The party seems to have firmed up its stand after inputs from the state unit which indicate any position to the contrary may cost BJP in the plains.
For a national party, especially one trying to find a toehold in the West Bengal politics, it is an unenviable situation. Any polarisation which pitches Hills vs the plains practically translates to 1.8 million Nepali speaking people versus 90 million Bangla speakers; 1 Lok Sabha seat as against 41 seats; a mere half a dozen Assembly segments vs 294 in the rest of the state.
BJP has been in the last two years attempting to expand its political footprint in the state to emerge as the main opposition to the ruling TMC.

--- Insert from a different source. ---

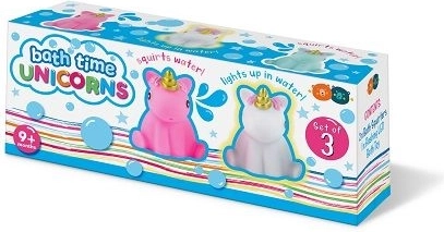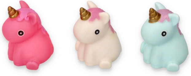Oplev en magisk badeverden med et sæt unicorns i blide farver. Hver unicorn har et gyldent horn og en glad manke, som stimulerer barnets fantasi. Takket være det behagelige, bløde materiale kan de nemt klemmes og er ideelle til små børnehænder.
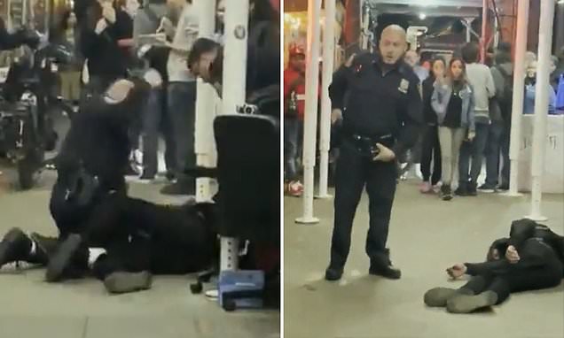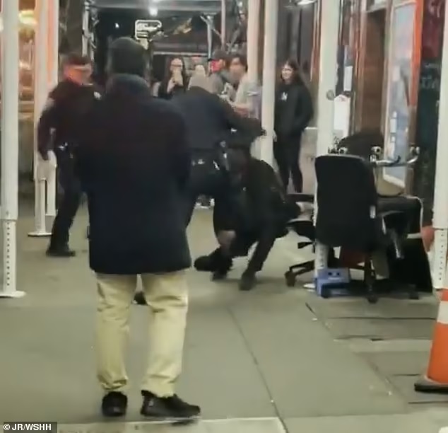 وحاول الرجل الوقوف والإمساك بساق رجال الشرطة قبل أن يهرع شريكه ليطرح المتشرد على الأرض ، بحسب الفيديو.

Any stand in favour of Gorkhaland may jeopardize party’s plans for the eastern state where it aims to pick seats in the next general elections as a part of larger strategy to offset any losses in provinces where it has already peaked.
BJP leaders, however, insist that opposition to the division of West Bengal is based on a considered view of the geo-political position of the districts abutting three international borders.
“Also it comprises sub-division of a few districts. As a state it may not be viable,” says another BJP leader.
The party though is open to granting further autonomy to the region with ‘Karbi-Anglong Model’ of Assam as one of the options.
Gorkhaland Janmukti Morcha (GJM) which is leading the separate statehood movement is a long-standing ally of the BJP. BJP MP and Union minister S S Ahluwalia won last Lok Sabha election from Darjeeling with GJM support. So did former Finance Minister Jaswant Singh in 2009.
In its manifesto for 2014 general elections, BJP stated it will “sympathetically examine and appropriately consider the long-pending demands of the Gorkhas, the Adivasis and other people of Darjeeling district and the Dooars region; of the Kamtapuri, Rajbongshi and other people of North Bengal (including recognition of their language)”.